■ PROVIDED MATERIAL:
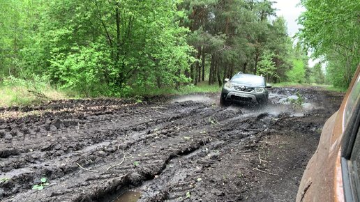 «Дастер» с вариатором скачет по лужам на лесной дороге
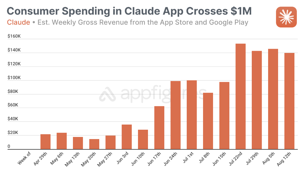 Мобильное ИИ-приложение Claude от Anthropic принесло более $1 млн выручки спустя 16 недель после запуска. Об этом пишет Techcrunch со ссылкой на данные Appfigures.
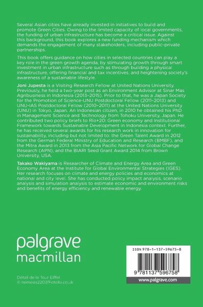Several Asian cities have already invested in initiatives to build and promote Green Cities. Owing to the limited capacity of local governments, the funding of urban infrastructure has become a critical issue. Against this background, this book explores a new funding mechanism which demands the engagement of many stakeholders, including public-private partnerships. This book offers guidance on how cities in selected countries can play a key role in the green growth agenda, by stimulating growth through smart investment in urban infrastructure such as through building a physical infrastructure, offering financial and tax incentives, and heightening society's awareness of a sustainable lifestyle.

■ WHAT TO PRODUCE:
Leaving the pictures aside, transcribe the entire listing exactly.

■ COMPLETED TASK:
 «Дастер» с вариатором скачет по лужам на лесной дороге
 Мобильное ИИ-приложение Claude от Anthropic принесло более $1 млн выручки спустя 16 недель после запуска. Об этом пишет Techcrunch со ссылкой на данные Appfigures.
Several Asian cities have already invested in initiatives to build and promote Green Cities. Owing to the limited capacity of local governments, the funding of urban infrastructure has become a critical issue. Against this background, this book explores a new funding mechanism which demands the engagement of many stakeholders, including public-private partnerships. This book offers guidance on how cities in selected countries can play a key role in the green growth agenda, by stimulating growth through smart investment in urban infrastructure such as through building a physical infrastructure, offering financial and tax incentives, and heightening society's awareness of a sustainable lifestyle.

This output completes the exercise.